JWT Authentication and Authorization with Spring Boot

In this project, we leverage the latest version of Spring Boot to implement JWT (JSON Web Token) authentication and authorization, providing a secure and robust user management system.

Project Features

User Registration (Signup API)

We have a signup API that allows users to create their accounts by providing their email, password (encrypted for security), and name. This registration process ensures that user information is stored safely in our system.

User Login (Login API)

The login API checks user credentials, including email and password. If the provided credentials are correct, the system returns a JWT token and a refresh token. These tokens are used for subsequent requests to authenticate and authorize users.

User Access Control

We have two distinct controllers for admin users and normal users.

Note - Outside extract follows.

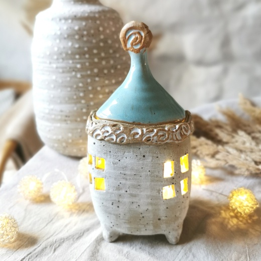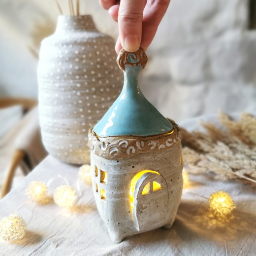 Mit viel Liebe von Hand gedreht und einer türkis farbenden Glasur die leicht glänzt. Die Lichtquelle gibt es gratis dazu.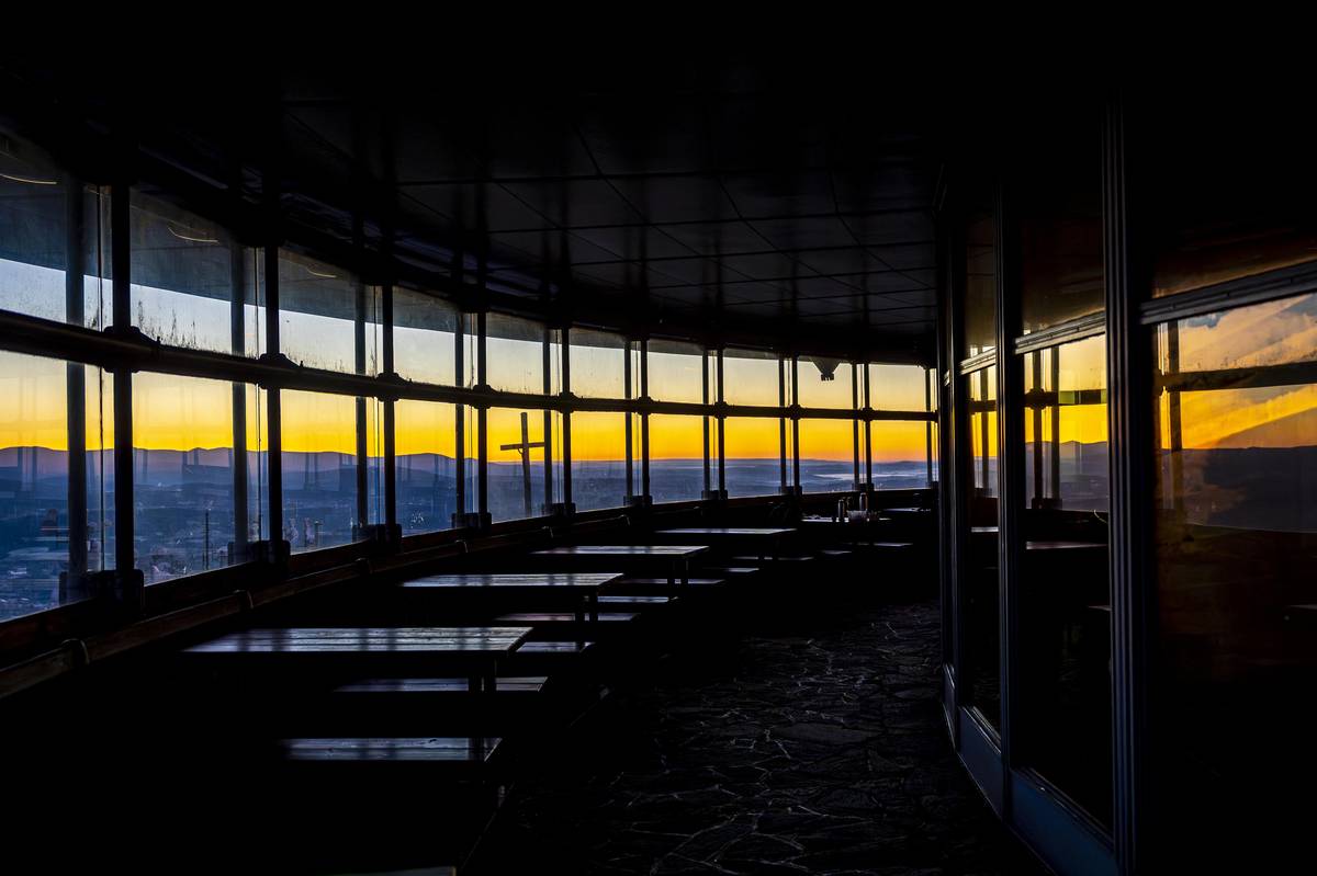 Prázdný ochoz na ještědském vysílači v barvách vycházejícího slunce

These users cannot access each other's endpoints. If they attempt to access endpoints reserved for the other user type, the system returns a 403 (Forbidden) response, ensuring strict access control.

Token Refresh API

In addition to the login API, we provide an endpoint for obtaining a new JWT token when a user's token expires. This feature ensures uninterrupted service for customers, even if their token has expired. The system performs necessary validations before issuing a new token.

With this project, we've created a secure and user-friendly environment for user registration, authentication, and authorization, while also maintaining strict access controls between different user roles. The use of JWT tokens enhances the overall security of the application.